We know the cosine wave rises back up to 1 by t_high = ceil(t_low/2pi)*2pi, but the parabola is strictly decreasing, so our earliest intersection must lie between t_low and t_high, at most one wavelength apart.

We can also find the greatest solution for P(t) = -1 to get a potentially tighter bound on t_high

Unfortunately this seems to be about as far as a pure analytical approach can take us, and we're again forced to use some type of iterative root finding method in this span, but at least we've reduced it to about the simplest case we could hope for. There could still be multiple roots in this span, but our bounds are tight enough that this should be rare.

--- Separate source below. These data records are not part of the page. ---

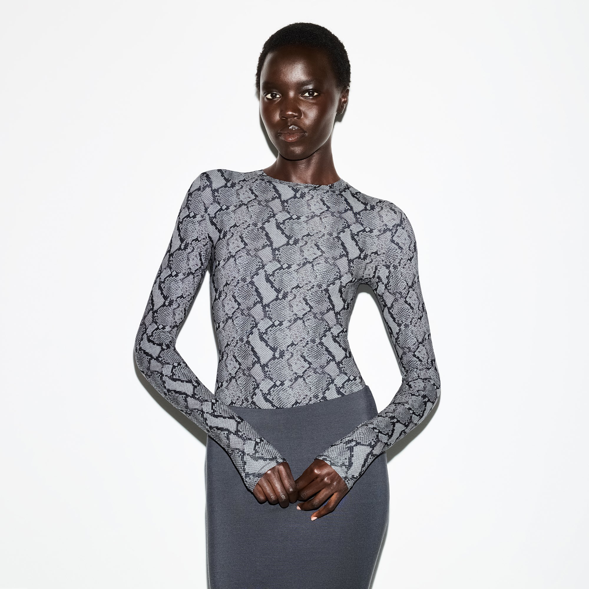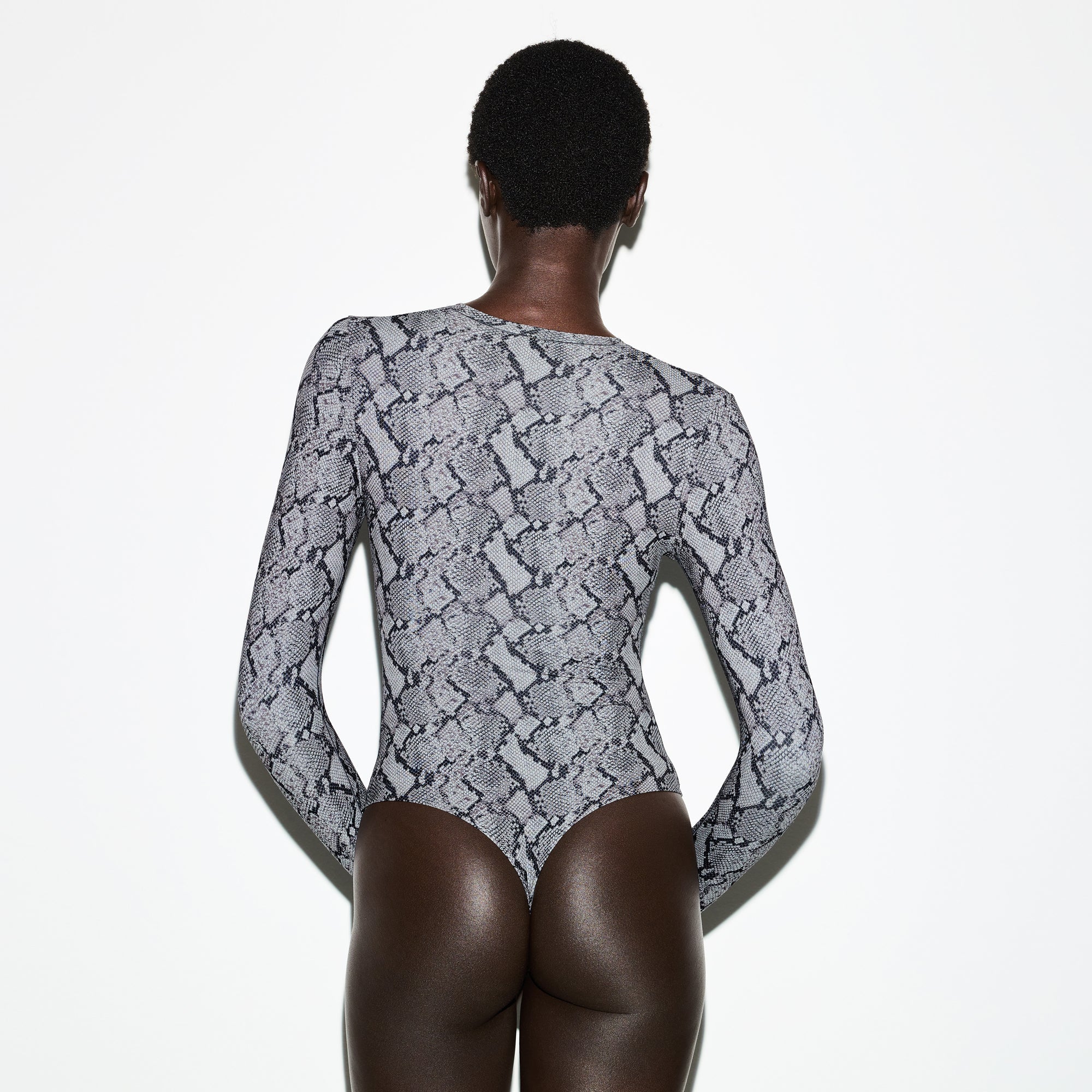 SKIMS FITS EVERYBODY LONG SLEEVE CREW NECK BODYSUIT | SHADOW SNAKE PRINT
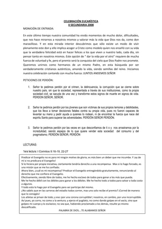 Este documento contiene la transcripción de una celebración eucarística con una comunidad escolar. Incluye la monición de entrada, peticiones de perdón, lecturas bíblicas, peticiones de los fieles, ofertorio y acción de gracias. Los temas centrales son pedir perdón por los problemas sociales, fortalecer la fe de los jóvenes y dar gracias por las bendiciones de la familia, la educación y el amor de Dios.
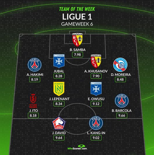 축구 통계매체인 '후스코어드닷컴'은 프랑스 리그1 6라운드 이주의 팀을 공개하였는데요. '이강인'이 9.02로 최전방 공격수 자리를 차지하였습니다.
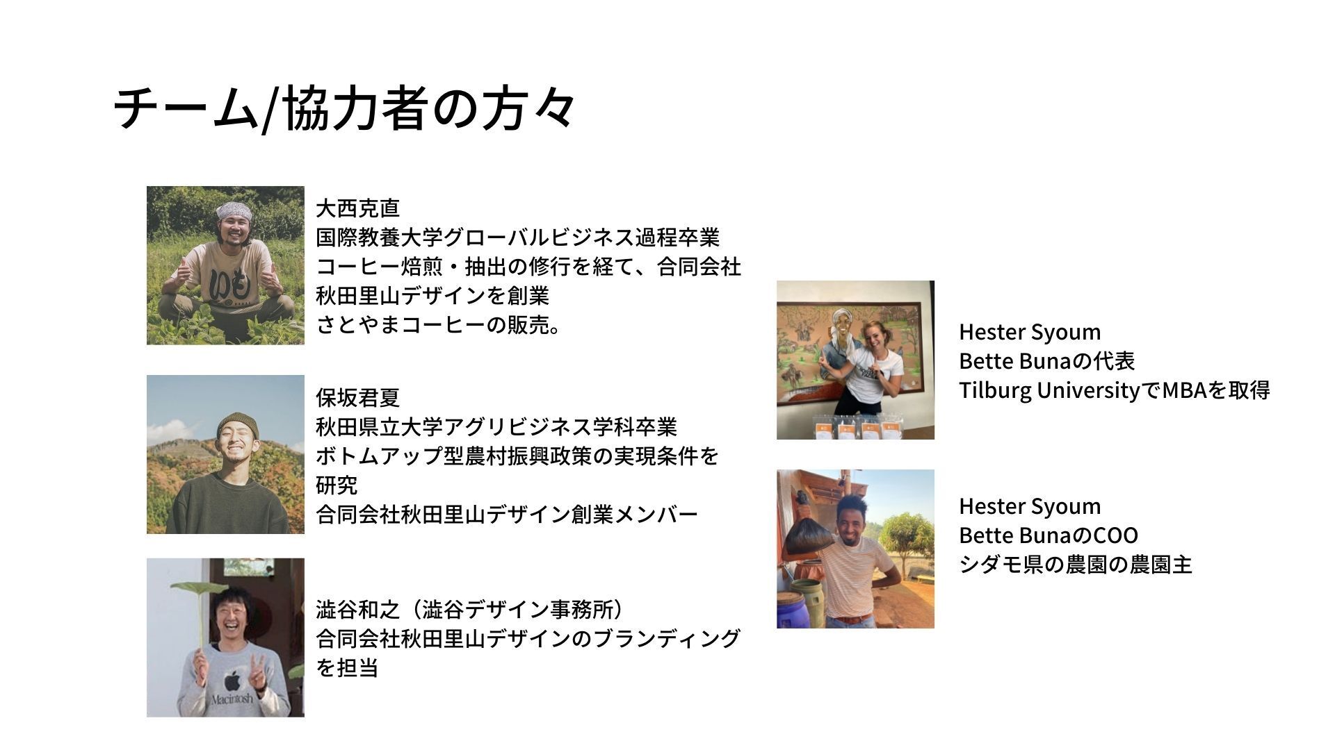 でもそれでは根本的な解決にはならない。そうしてBette Bunaは、地域の起業家を支援する活動をしています。実際今は、「コーヒー苗木プロジェクト」「カメラマン」「小売店」などの事業が合計5つ立ち上がっています。
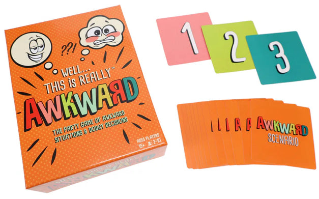 If you’re in the mood to have some fun with a side of laughs, Awkward is the perfect fix! It’s a great way to bring out the silliness in even the most bashful of people and the ultimate ice breaker – Easy rules and loads of laughter! It is the official party game of random situations and dodgy decisions.
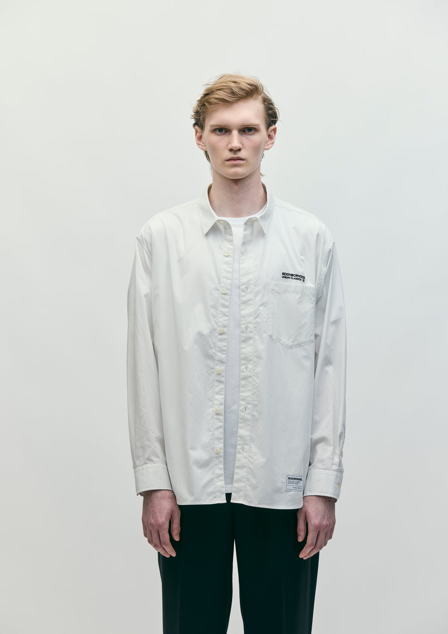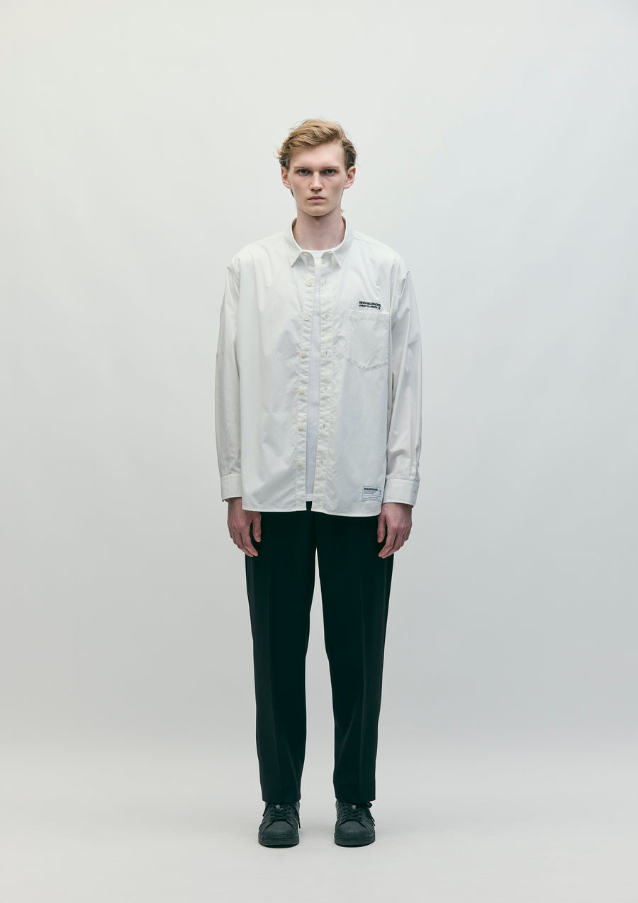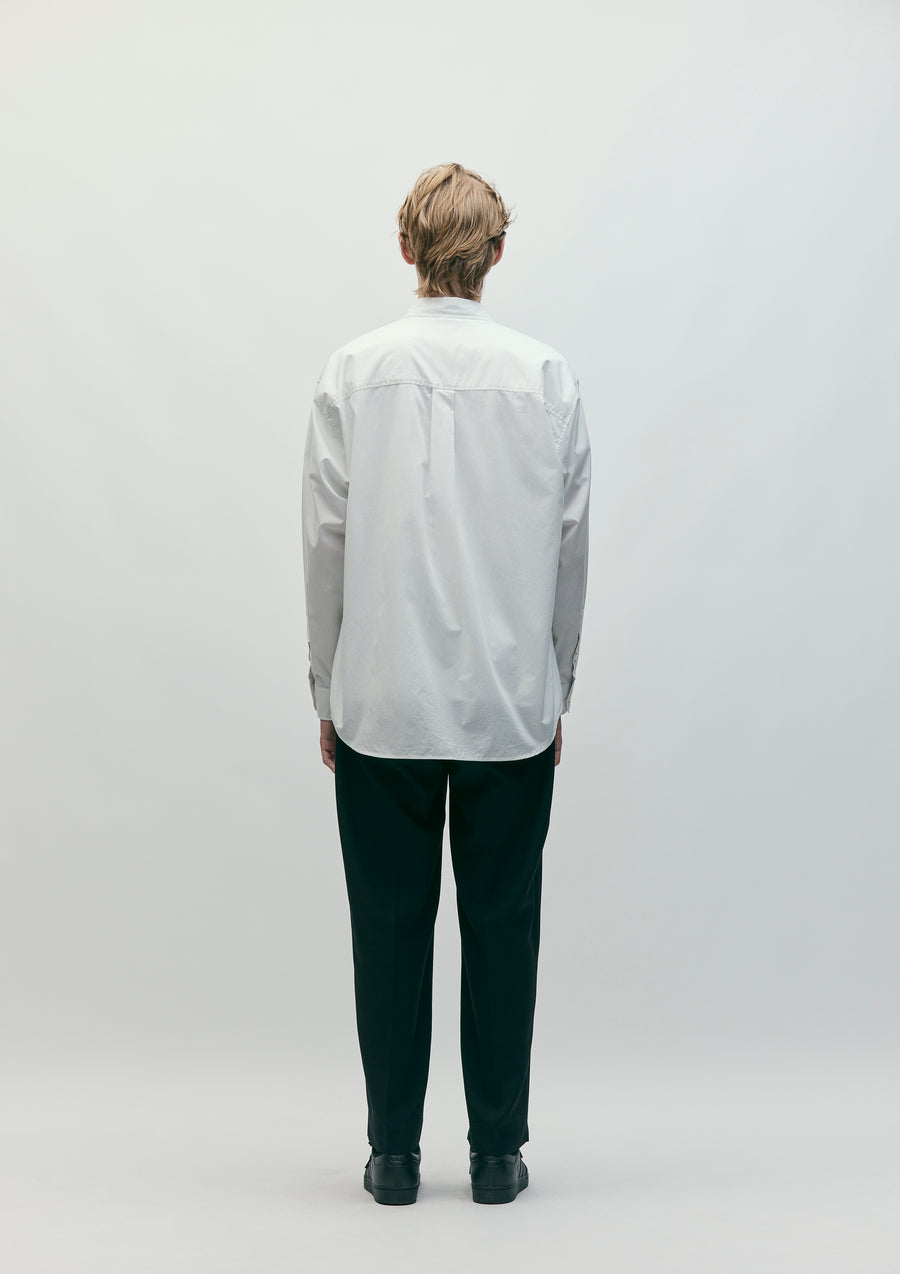 A striped shirt made from poplin fabric, offering both firmness and suppleness. Embroidered logo on the left chest. Equipped with original shell-like buttons, a brand tag on the left hem and side seam. One-wash finish.
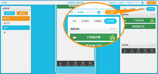 A您只需要在制作頁面右上方的“已有導航”中選擇除了顯示名稱不同外,其他結構大小設計相同的導航,直接拖入需要使用的頁面即可。比如我的“制作首頁”已經有了一個帶返回鍵的歷史導航,我在制作“教程”頁面時,需要一個除了顯示名稱不同外同樣的歷史導航,那我就可以直接在已有導航里,選擇類似導航,直接拖入制作區域即可。
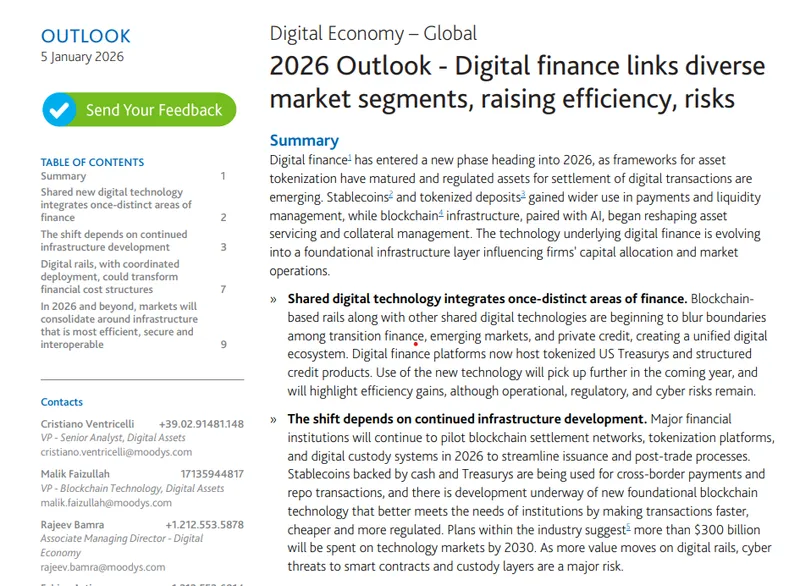 穆迪同时强调,行业转型并非没有风险。随着更多价值迁移至“数字基础设施”,报告警告称,智能合约漏洞、预言机失效、托管系统遭受网络攻击,以及多条区块链间的割裂,可能导致新型运营及对手方风险。
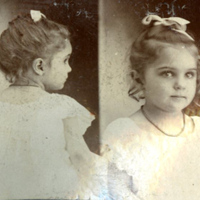 - A sepia photograph of a young girl. There are two different angles of the girl. One from the front and the other from the side. This photograph is part of the Nettie Shipley Haines photograph album.
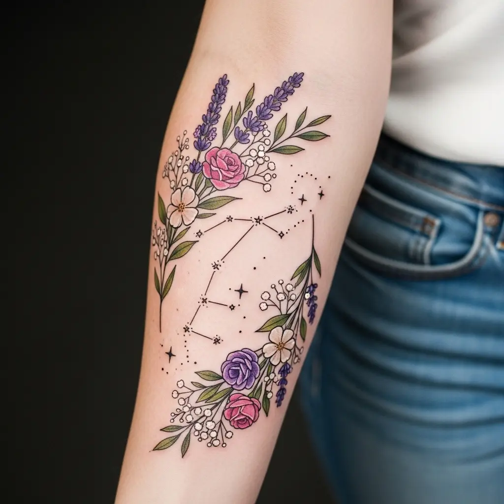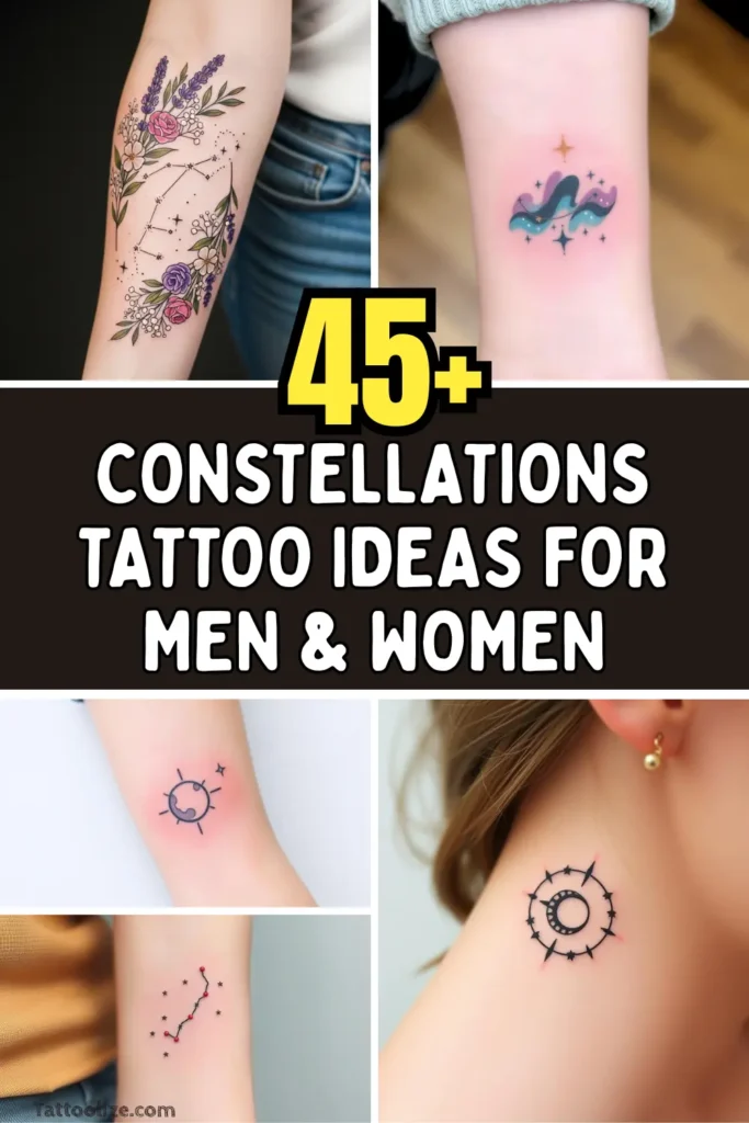 Small constellation tattoos show that big art isn’t needed. They celebrate your star connection, journey, or zodiac sign in a subtle way.

If your planet orbits much faster than your ship moves, the parabola will be nearly flat in this span and you can closely approximate it as a constant, using acos to find a very close first guess between t_low and t_high. Or if your ship travels much faster than your planet, the parabola will be nearly vertical the solution will be quite close to t_low. For intermediate cases like the example above, you might be able to approximate each curve as a straight line and iteratively refine from there.

Answer 2

You can solve this by expressing the position of the ship using parametric equations, expressing the position of the planet using the equation for one side of a circle, and solving a system of equations.

The ship's x position can be expressed as x = vcos(theta)t, where theta is the absolute value of the ship's angle below the horizontal.

The ship's y position can be expressed as y = vsin(theta)t.

The planet's x-position can be expressed as sqrt(1 - (y - k)^2) + h, where k is the translation of the circular orbit from the origin of the coordinate system.

Combining these equations yields: vcos(theta)t = sqrt(1 - (vsin(theta)t - k)^2) + h

To make this a system of equations, the arc length traveled by the planet from a_0 to a_0 + theta is equal to s_0t(2 * pi * r). Due to the same-side angles theorem, this theta is the same as the ship's theta below the horizontal.

The arc length can be given by the equation: Assume o is theta for the rest of this answer.

integral(from 0 to (a_0 + theta))(sqrt(1 - (dr/do)^2)dx - integral(from 0 to 
a_0)(sqrt(1 - (dr/do)^2)dx.

The equation for the circle is r^2 - 2rr_0cos(o - o_2) + r_0^2 = a^2.

(r_0, o_2) is the location of the center of the circle

dr/do = (2r_0rcos(o - o_2))/(2r + 2r_0sin(o))

Finally,

integral(from 0 to (a_0 + theta))(sqrt(1 - (dr/do)^2)dx - integral(from 0 to 
a_0)(sqrt(1 - (dr/do)^2)dx = s_0t(2 * pi * r)

The above equation most likely will require the trapezoidal rectangular approximation method or Simpson's approximation method in order to solve the integrals.

After solving for t, substitute t into the two ship-position equations to get the x and y positions of the collision.